Currently “file-like objects” in Python is perhaps the most extreme use case of a duck typing system. A function can take any object as a “file” or “stream” argument as long as the object happens to have the set of “file-like” methods required by the function.
While such a design is convenient and versatile to use in a small project, it makes it difficult to tell in a large project exactly which methods need to be implemented for a file-like object in order to satisfy a particular function.
@Jelle, the developer of the typing module, has addressed the issue in this discussion:
And indeed, a look at _typeshed/__init__.pyi does reveal a good variety of protocols covering most of the file-like methods:
But the problem is that firstly, it’s a .pyi file meant for stubs for type checkers, and is therefore not directly importable.
And secondly, even if these small protocols are made available (by copying and pasting the code from the .pyi or by maintaining those small protocols ourselves), it would still be clumsy to use, having to define a dedicated Protocol just to type hint a file argument of a particular function:
class FooFile(SupportsRead, SupportsNoArgReadline):
pass
def foo(file: FooFile):
if (first_line := file.readline()).startswith('#!'):
return first_line + file.read()
And then those who use a type checker then needs to find the definition of FooFile in order to understand that foo expects a file-like object that provides read and readline methods.

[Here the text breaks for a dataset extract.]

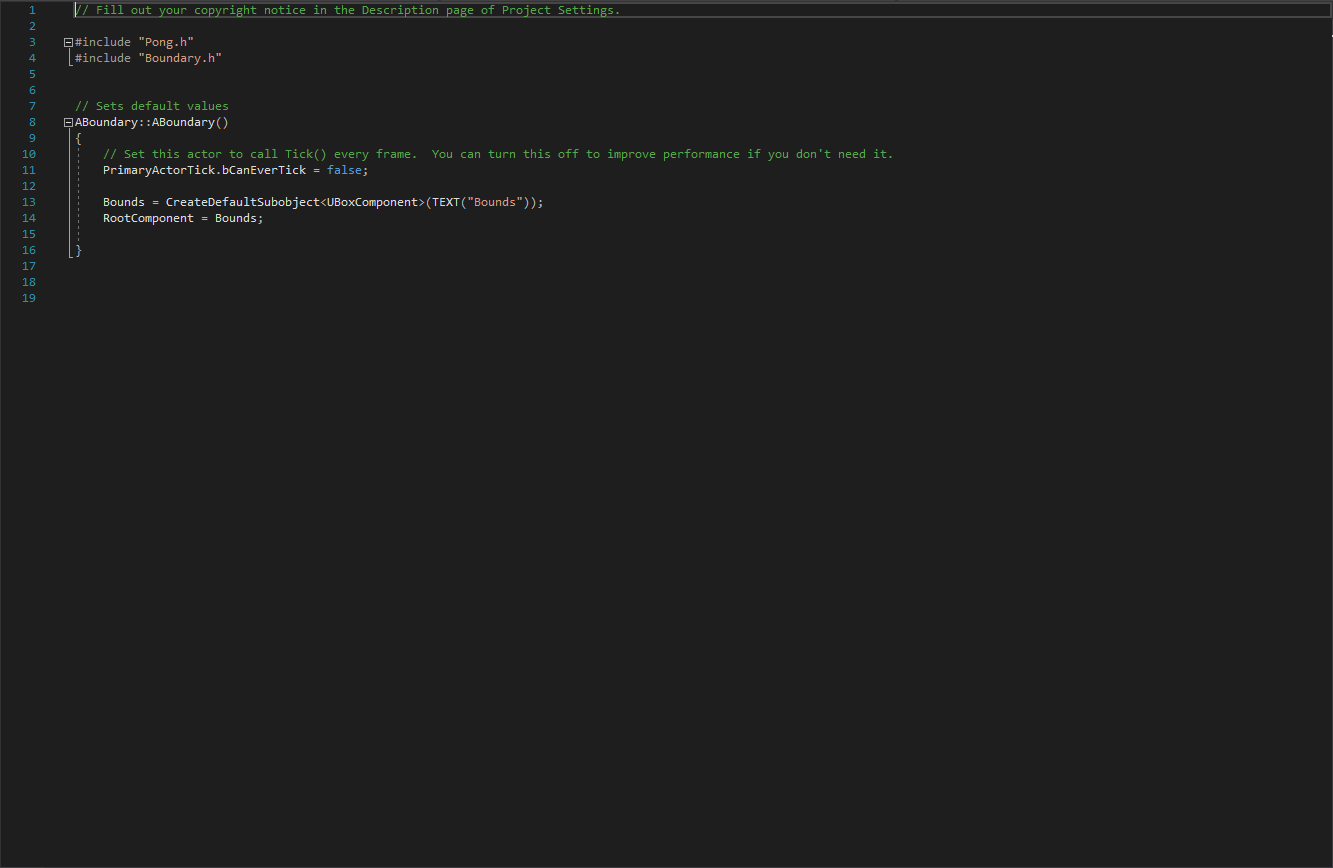 Here is the CPP File for the Pong Boundary Class. It creates the Box Component for setting the bounds and sets the Root Component equal to the Bounds.

Wouldn’t it be more convenient and clearer to allow type hinting with an ad-hoc intersection of protocols in this case?
You can directly import many of these protocols from GitHub - hauntsaninja/useful_types: Useful types for Python . There are folks working on a draft proposal to add intersections to the type system, I agree that easy intersection of protocols is a great use case.
My understanding is that _typeshed is “technically” an implementation detail for type checkers, but that code protected by if TYPE_CHECKING is similarly “lifted” into the type checker (since it’s there for use by the type checker, not your script at runtime).
Thanks. The problem is that doing this only helps provide type checking in type checkers, while producing a NameError at runtime because TYPE_CHECKING being false at runtime leaves SupportsRead undefined.
After some experimentation I found a workaround that works both for type checkers and at runtime:
try:
from _typeshed import SupportsRead, SupportsWrite
except ModuleNotFoundError:
from unittest.mock import Mock
SupportsRead = SupportsWrite = Mock()
class SupportsReadWrite(SupportsRead, SupportsWrite):
pass
object was actually the first thing I tried too, but it would produce:
TypeError: duplicate base class object
And if I did:
SupportsRead = SupportsWrite = object()
I’d get:
TypeError: object() takes no arguments
So I figured Mock() was the most convenient object because it can be called with any arguments, although one can also do:
class M:
def __new__(*args):
return object.__new__(M)
try:
from _typeshed import SupportsRead, SupportsWrite
except ModuleNotFoundError:
SupportsRead = SupportsWrite = M()
class SupportsReadWrite(SupportsRead, SupportsWrite):
pass
At any rate this feels like an ugly workaround, having to repeat the name of every protocol in use. Better use @hauntsaninja’s useful_types even though it’s an additional dependency (or make it part of stdlib maybe?).